Capital Power Corp. affirmed its dividend growth guidance for 2017 at 7%, in line with expectations, and presented a positive view of its projected cash flows and its role in Alberta's transition to a capacity market for electricity.
"Based on Capital Power's projected cash flows over the next two years, which include the initial coal compensation payments from the Alberta government, the Company is well positioned to add to its fleet of contracted power generation assets across North America and deliver on its 7% annual dividend growth guidance through 2018," said Brian Vaasjo, president and CEO of Capital Power.

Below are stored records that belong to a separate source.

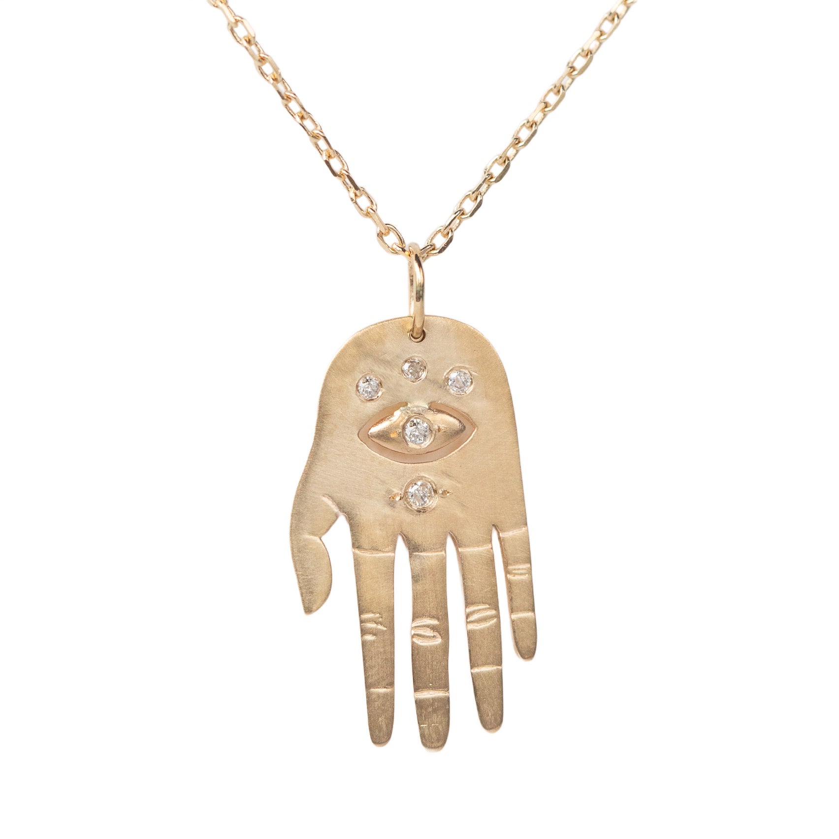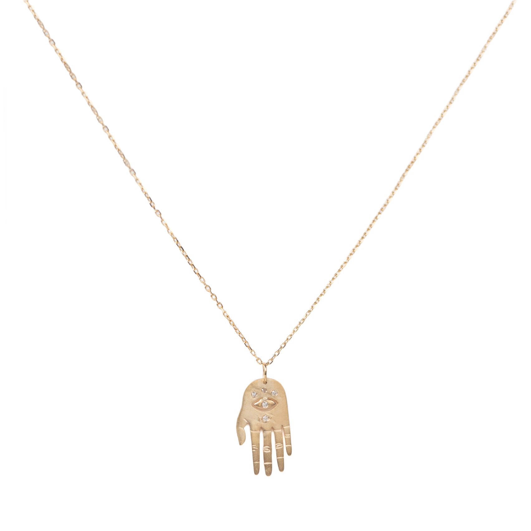 A 14k yellow gold chain with a small protection hand pendant with a carved eye and white diamond accents totaling 0.02ct. Pendant measures 7/8" on a 20" chain. Handcrafted in Belgium.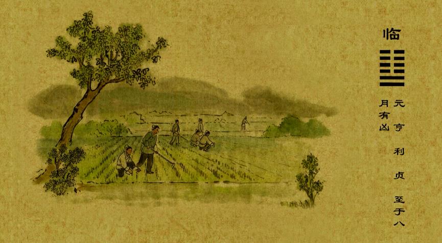 【临卦上卦为坤为地,下卦为兑为泽。临卦为到来、来临之意,到兑卦阶段可以说是到阳气真正发挥功能的开始,阳气占主导的时候已经到来,阳气为生发之气,是万物生长之气,春分后天地南北百花吐蕊,蜂蝶起舞,江山如画的时候来到了。上卦为坤,预示着天道也将进入新的开始,故曰临。寓意君主不应身居庙堂之上,应亲临百姓之中实施教化,传播美德自然上下一心,众志成城】
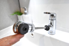 ノズルが伸びる水栓は、洗面ボウルを流したりに便利です。収納は三面鏡裏のキャビネットと洗面台下。細々した物が多くなりがちな洗面周りには豊富な収納が有り難いですね。大きな物から細かい物までバランスよく納まりそうです。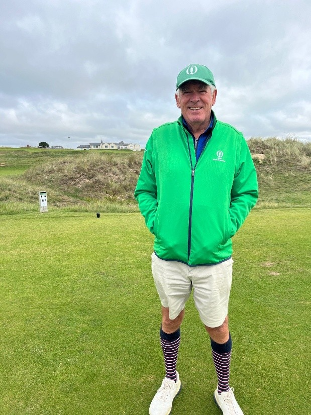 Here we see Nigel, the only one we assumed with family connections to Newcastle, given the inclement overcast weather, wearing shorts and looking very snappy in his ‘Open Golf’ Marshall’s attire.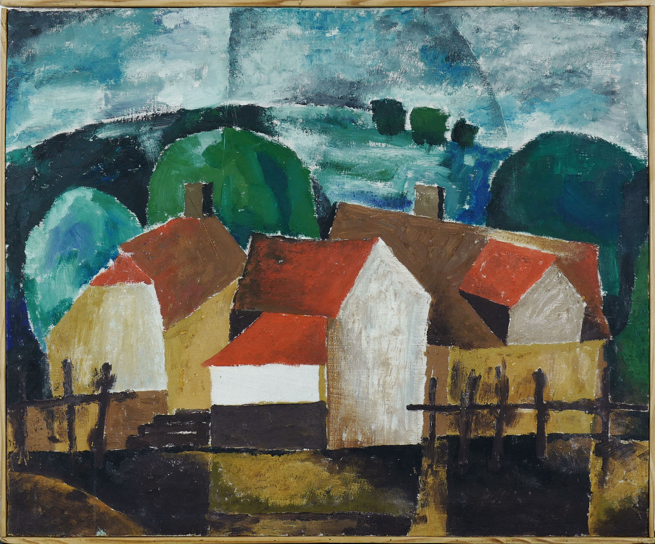Pejzaż kubistyczny, ok 1950 - 1960 r.olej, płótno51 x 62 cmsygn. na odwrocie na blejtramie: CYBULSKI DANIEL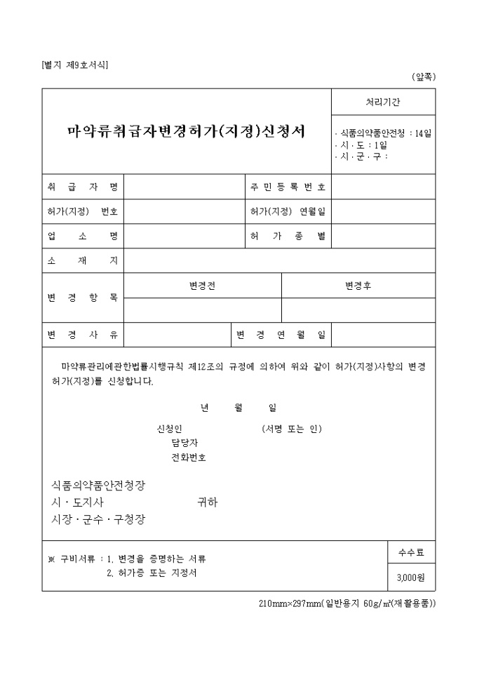 마약류관리에관한법률시행규칙 제12조의 규정에 의하여 위와 같이 허가(지정)사항의 변경허가(지정)를 신청할 때 사용하는 "마약류 취급자 변경(수출입업자,제조업자,원료사용자)" 양식입니다.

The company touted its agreements for developing its Whitla Wind Project, as well as cash payments from the government of Alberta to compensate for invested capital in coal generating assets, which would be shelved by the end of 2030.
Whitla Wind, located near Medicine Hat, Alberta, is a planned 300-MW project to be completed in two 150-MW phases. The first phase would be bid into the Alberta Electricity System Operator's first competition scheduled for early 2017. The competition is expected to draw up to 400 MW of renewable electricity generation due for operation in 2019.
The payments from Alberta would be treated as a government grant and included in adjusted EBITDA through 2030. Depreciation expenses would also increase by an estimated C$27 million for the next five years, yielding a net positive impact to annual earnings amounting to about 19 cents per share.
In addition, Capital Power expects a capacity-weighted average plant availability of 95%, C$85 million in plant maintenance capital and sustaining capital expenditures, plant operating and maintenance expenses of C$195 million to C$215 million and adjusted funds from operations of C$305 million to C$345 million.